# Marketing Analytics: RFM Modeling

  When it comes to marketing, if you're trying to talk to everybody, you’re going to have a difficult time reaching anybody. Vague and generic messages are far less likely to resonate with audiences than specific, direct communication – which is why targeting in marketing is so important.
Smart marketers understand the importance of "know thy customer". Instead of simply focusing on generating more clicks, marketers must follow the paradigm shift from increased CTRs (Click-Through Rates) to retention, loyalty, and building customer relationships.

Instead of analyzing the entire customer base as a whole, it's better to segment them into homogeneous groups, understand the traits/behaviour of each group, and engage them with relevant targeted campaigns. 

One of the most popular, easy-to-use, and effective segmentation methods which enable marketers to analyze the customer behavior is RFM analysis.

## Table of Contents:

**1. Introduction**

**2. Data Preprocessing**

**3. Exploratory Analysis**

**4. RFM Modeling** 
    
**5. Conclusion**

## 1. Introduction   

RFM stands for Recency, Frequency, and Monetary value, each corresponding to some key customer trait.
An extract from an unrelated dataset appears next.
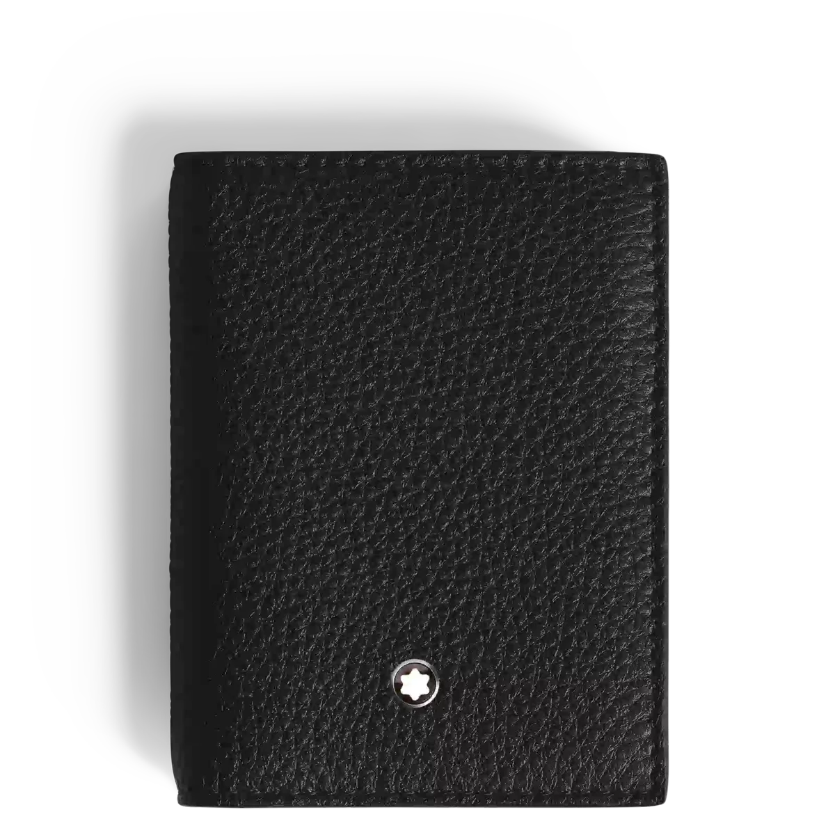 Carefully crafted in luxurious black soft grain leather, this pocket-friendly card holder is both chic and functional. It neatly fits several business cards and four credit cards, all while showcasing the elegant Montblanc emblem on the front.
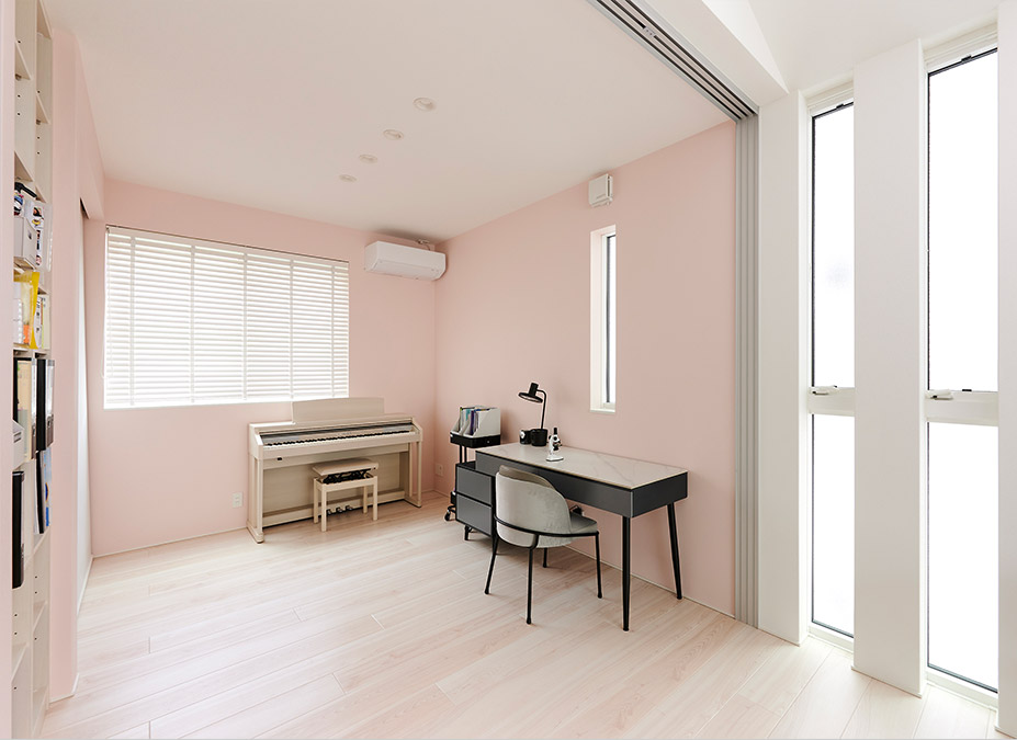 リビングに隣接する個室は、半透明パネルの建具を開閉することでフレキシブルに使えます。床にレールがない吊りタイプなので、床続きの一體感が得られます。ピンクのクロスはブラックやグレーとの組み合わせで甘くなりすぎず、LDKに優しい印象を與えています。

These RFM metrics are important indicators of a customer’s behavior because frequency and monetary value affects a customer’s lifetime value, and recency affects retention, a measure of engagement.

Businesses that lack the monetary aspect, like viewership, readership, or surfing-oriented products, could use Engagement parameters instead of Monetary ones. This results in using **RFE** (Recency, Frequency, Engagement) – a variation of RFM. Further, this Engagement parameter could be defined as a composite value based on metrics such as bounce rate, visit duration, number of pages visited, time spent per page, etc.

RFM features of customers illustrates these characteristics:
* The more recent they purchase, the more responsive they are to the promotions.
* The more frequent they purchase, the more engaged and satisfied they are.
* The more monetary value helps to differentiate high spenders vs low spenders.

In this article, we are going to work with the online-retail dataset from UCI Machine Learning repository.

**Dataset Information:**

This is a transnational data set which contains all the transactions occurring between 01/12/2010 and 09/12/2011 for a UK-based and registered non-store online retail.The company mainly sells unique all-occasion gifts. Many customers of the company are wholesalers.

**Attribute Information:**

* *InvoiceNo*: Invoice number. Nominal, a 6-digit integral number uniquely assigned to each transaction. If this code starts with letter 'c', it indicates a cancellation.

* *StockCode*: Product (item) code. Nominal, a 5-digit integral number uniquely assigned to each distinct product.

* *Description*: Product (item) name. Nominal.

* *Quantity*: The quantities of each product (item) per transaction. Numeric.

* *InvoiceDate*: Invoice Date and time. Numeric, the day and time when each transaction was generated.

* *UnitPrice*: Unit price. Numeric, Product price per unit in sterling.

* *CustomerID*: Customer number. Nominal, a 5-digit integral number uniquely assigned to each customer.

* *Country*: Country name. Nominal, the name of the country where each customer resides.

In this article, I will guide you through the complete process of RFM modeling and analysis to segment customers based on their transactional behaviour.

## 2. Data Preprocessing

The Primary step in any modeling/analysis is the data preprocessing.

To do the analysis, we need the data. I have already downloaded the data from the UCI Machine Learning repository and saved in my local direcotry. Here is the link for the dataset https://archive.ics.uci.edu/ml/datasets/online+retail#.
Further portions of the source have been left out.